Re: [RFC PATCH] mm/readahead: readahead aggressively if read drops in willneed range

Ming Lei <ming.lei@xxxxxxxxxx> · Mon, 29 Jan 2024 11:57:45 +0800

On Mon, Jan 29, 2024 at 12:47:41PM +1100, Dave Chinner wrote:
> On Sun, Jan 28, 2024 at 07:39:49PM -0500, Mike Snitzer wrote:
> > On Sun, Jan 28, 2024 at 7:22 PM Matthew Wilcox <willy@xxxxxxxxxxxxx> wrote:
> > >
> > > On Sun, Jan 28, 2024 at 06:12:29PM -0500, Mike Snitzer wrote:
> > > > On Sun, Jan 28 2024 at  5:02P -0500,
> > > > Matthew Wilcox <willy@xxxxxxxxxxxxx> wrote:
> > > Understood.  But ... the application is asking for as much readahead as
> > > possible, and the sysadmin has said "Don't readahead more than 64kB at
> > > a time".  So why will we not get a bug report in 1-15 years time saying
> > > "I put a limit on readahead and the kernel is ignoring it"?  I think
> > > typically we allow the sysadmin to override application requests,
> > > don't we?
> > 
> > The application isn't knowingly asking for readahead.  It is asking to
> > mmap the file (and reporter wants it done as quickly as possible..
> > like occurred before).
> 
> ... which we do within the constraints of the given configuration.
> 
> > This fix is comparable to Jens' commit 9491ae4aade6 ("mm: don't cap
> > request size based on read-ahead setting") -- same logic, just applied
> > to callchain that ends up using madvise(MADV_WILLNEED).
> 
> Not really. There is a difference between performing a synchronous
> read IO here that we must complete, compared to optimistic
> asynchronous read-ahead which we can fail or toss away without the
> user ever seeing the data the IO returned.
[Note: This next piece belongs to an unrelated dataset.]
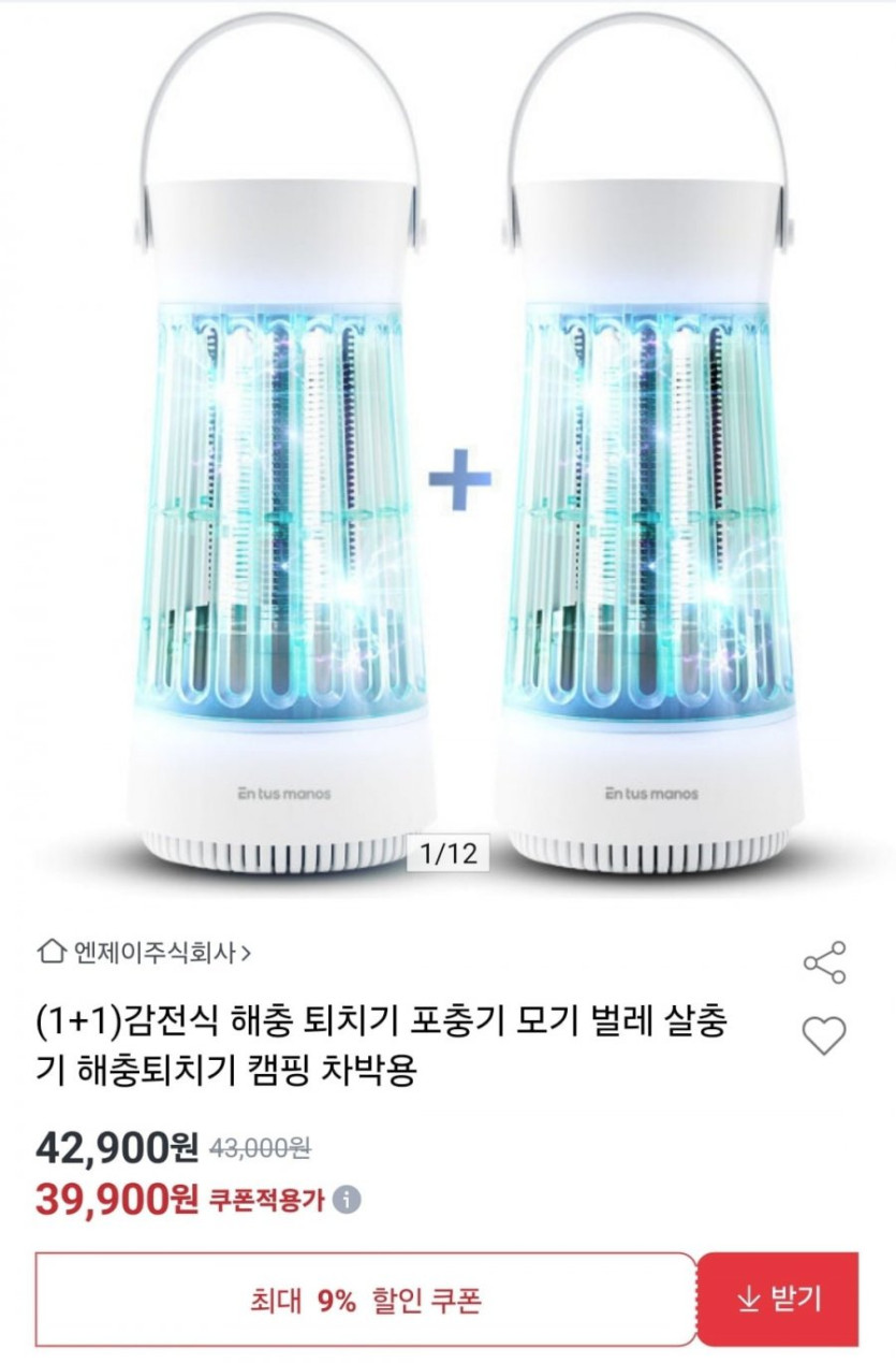 1+1이니 2개에 39900원 포충기 개당 1.9만원정도 되는데

Yeah, the big readahead in this patch happens when user starts to read
over mmaped buffer instead of madvise().

> 
> We want required IO to be done in as few, larger IOs as possible,
> and not be limited by constraints placed on background optimistic
> IOs.
> 
> madvise(WILLNEED) is optimistic IO - there is no requirement that it
> complete the data reads successfully. If the data is actually
> required, we'll guarantee completion when the user accesses it, not
> when madvise() is called.  IOWs, madvise is async readahead, and so
> really should be constrained by readahead bounds and not user IO
> bounds.
> 
> We could change this behaviour for madvise of large ranges that we
> force into the page cache by ignoring device readahead bounds, but
> I'm not sure we want to do this in general.
> 
> Perhaps fadvise/madvise(willneed) can fiddle the file f_ra.ra_pages
> value in this situation to override the device limit for large
> ranges (for some definition of large - say 10x bdi->ra_pages) and
> restore it once the readahead operation is done. This would make it
> behave less like readahead and more like a user read from an IO
> perspective...

->ra_pages is just one hint, which is 128KB at default, and either
device or userspace can override it.

fadvise/madvise(willneed) already readahead bytes from bdi->io_pages which
is the max device sector size(often 10X of ->ra_pages), please see
force_page_cache_ra().

Follows the current report:

1) usersapce call madvise(willneed, 1G)

2) only the 1st part(size is from bdi->io_pages, suppose it is 2MB) is
readahead in madvise(willneed, 1G) since commit 6d2be915e589

3) the other parts(2M ~ 1G) is readahead by unit of bdi->ra_pages which is
set as 64KB by userspace when userspace reads the mmaped buffer, then
the whole application becomes slower.

This patch changes 3) to use bdi->io_pages as readahead unit.

Thanks,
Ming